How did you react to the document drafted by members of the Catholic Academy, criticizing the Ciase report on sexual abuse in the Church?
Jean-Marc Sauvé: I was expecting attacks against the Ciase report and therefore I am not at all surprised. I sensed them more precocious and very strong, in particular from traditionalist circles. It came from the Catholic Academy.
The criticism of our report is of course legitimate. I wrote it in its foreword. But in this case, I experience feelings of sadness, and even grief, because I myself am a member of this Academy. The rules of fair trial and simple confraternity could have justified preliminary questions, if not an adversarial debate. Nothing that happened was elegant or fair.
The Academy’s report is not particularly pleasant, but the message of transmission of this report to the authorities of the Church, which remains secret, is a tissue of poisonous attacks accompanied by an injunction made to the Church of to refrain from any measure of reparation and from any modification of its rules, until the “objective truth” has been established.
This injunction is particularly unseemly in view of the decisions already taken by the Church and the modesty of the arguments of these members of the Catholic Academy. The signatories of this text proceeded in accordance with the worst of a certain Catholic culture, that is to say secretly, without adversarial debate and by first reporting to the authorities.
I say this all the more willingly because Hugues Portelli invited me in mid-September to give an account of the Ciase report to the members of the Academy on October 14, an invitation that he finally postponed sine die, and without real explanation, two days after that I responded positively.
What is the purpose of this process, in your opinion?
Escaping the Church from painful compensation and reforms that are necessary and far-reaching. The signatories of this text insinuate that Ciase is driven by an ideological agenda, completely reversing and distorting things. In reality, it is to disqualify our conclusions that bristle them that the authors seek to destabilize our state of affairs.
In this case, there is a first victim, the Church which is frontally attacked, while it has taken courageous decisions by creating the Ciase, leaving it complete freedom, then taking unprecedented decisions in November. The second victim is the people who have suffered sexual assault, who are denied, despised and taken hostage despite some oratory precautions. The third victim is the service of truth and, ultimately, it is the Catholic Academy itself which is faced with an unprecedented wave of resignations and which is doing everything to become a small group.
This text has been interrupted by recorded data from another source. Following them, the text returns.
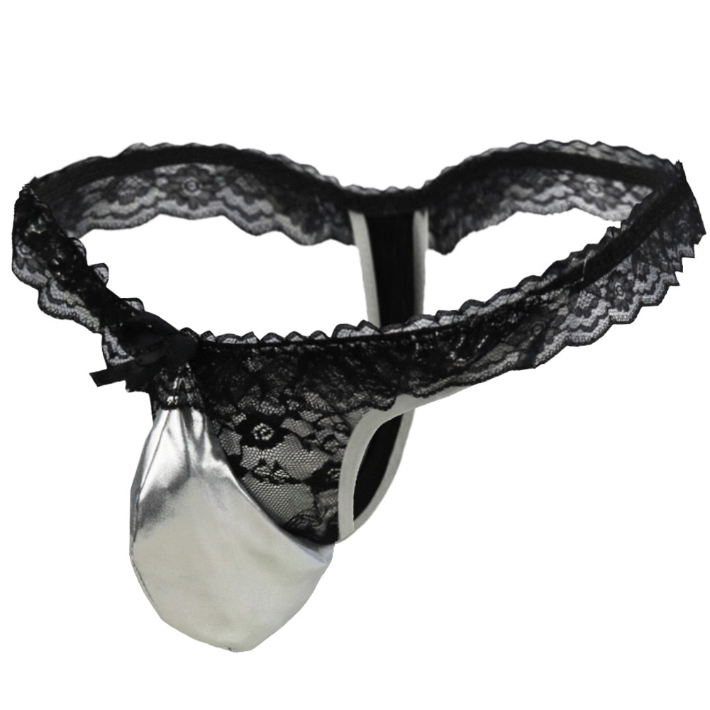 Fun lace & leather pouch thong manties - the ultimate feminine panty for men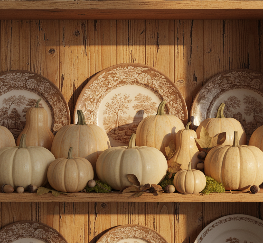Arrange a collection of vintage brown transferware plates against the wall of a hutch or shelf, then style small heirloom pumpkins in front of them. The transferware patterning should echo autumn tones, creating a layered, collected look that feels timeless.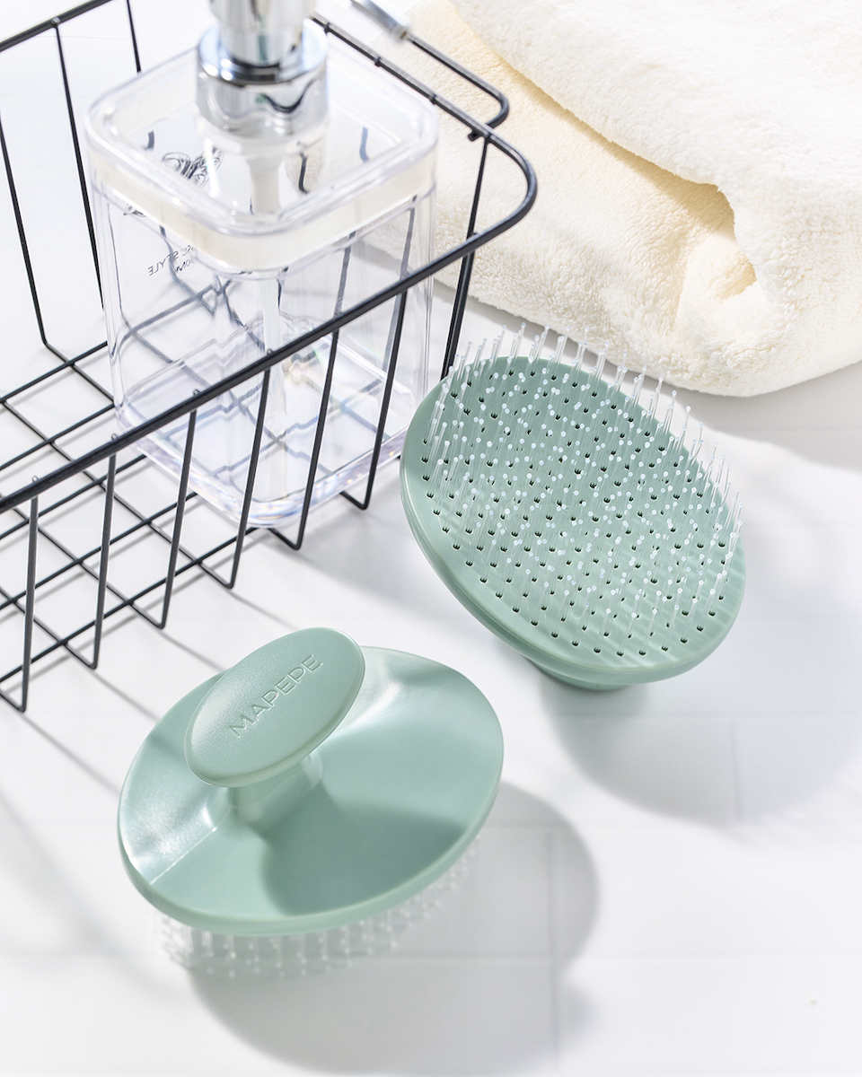 ヘアグッズブランドの「マペペ(MAPEPE)」は5月8日、絡まりをほぐして美髪に仕上げる“デタングリングブラシ”シリーズから、頭皮をすっきり洗う“デタングリングシャンプーブラシ<グレイッシュミント>”(1320円)を発売する。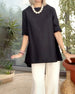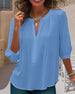 Bluzka w jednolitym kolorze z rękawami 3/4 i wycięcięm w środku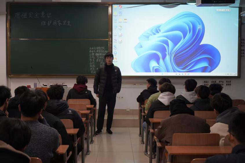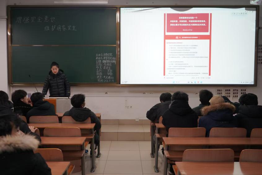 会议伊始,辅导员刘伟腾老师围绕国家安全基本知识展开讲解,通过通俗易懂的语言和实际案例,帮助同学们理解国家安全内涵及重要意义。辅导员符林园重点讲解日常安全防范知识,提醒大家保护个人信息、辨别网络谣言,增强自我保护意识。辅导员巩丰伟带领同学们共同学习国家安全相关法律法规,进一步强化同学们的法治观念与责任意识,引导大家知法、懂法、守法。辅导员翟冠华结合典型案例深入分析,帮助同学们识别危害国家安全的行为,提升防范和应对风险的能力。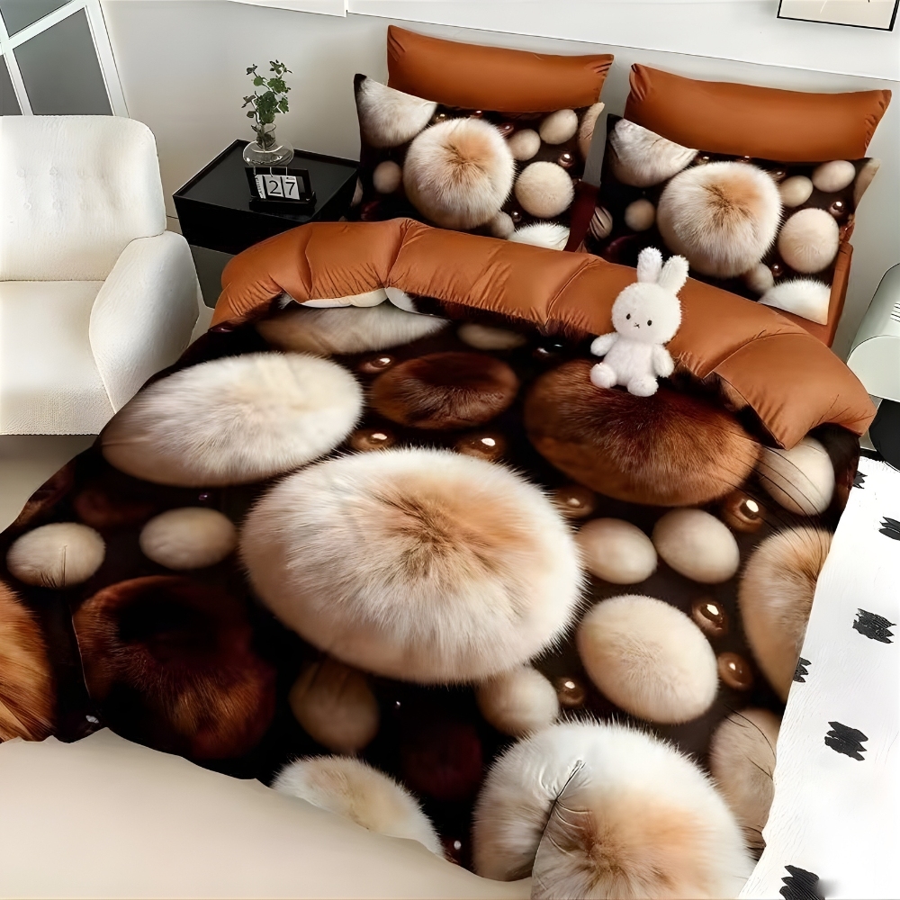 Lenjerie pat dublu, FINET, Imprimeu Digital 5D - Identic cu poza, Cu ELASTIC, 6 piese, Negru, Maro, buline pufoase, Talo, cod produs: SKT-5D-07

Are you fundamentally concerned about the criticisms leveled at your report? How do you plan to respond?
Nothing in this document seems to me such as to call into question the analysis of Ciase and, in particular, the opinion of those of its members who could have hoped for different results from the survey in the general population – and therefore less important results in terms of the number of victims… And in saying this, I am talking about myself first.
We will demonstrate it. I am currently working with my colleagues on a rebuttal that is as complete and precise as possible. In the meantime, I invite the Catholic Academy to undertake urgently, with all the scientific guarantees required, a study on sexual violence in our society and in the Catholic Church in particular. I wait with serenity for its results.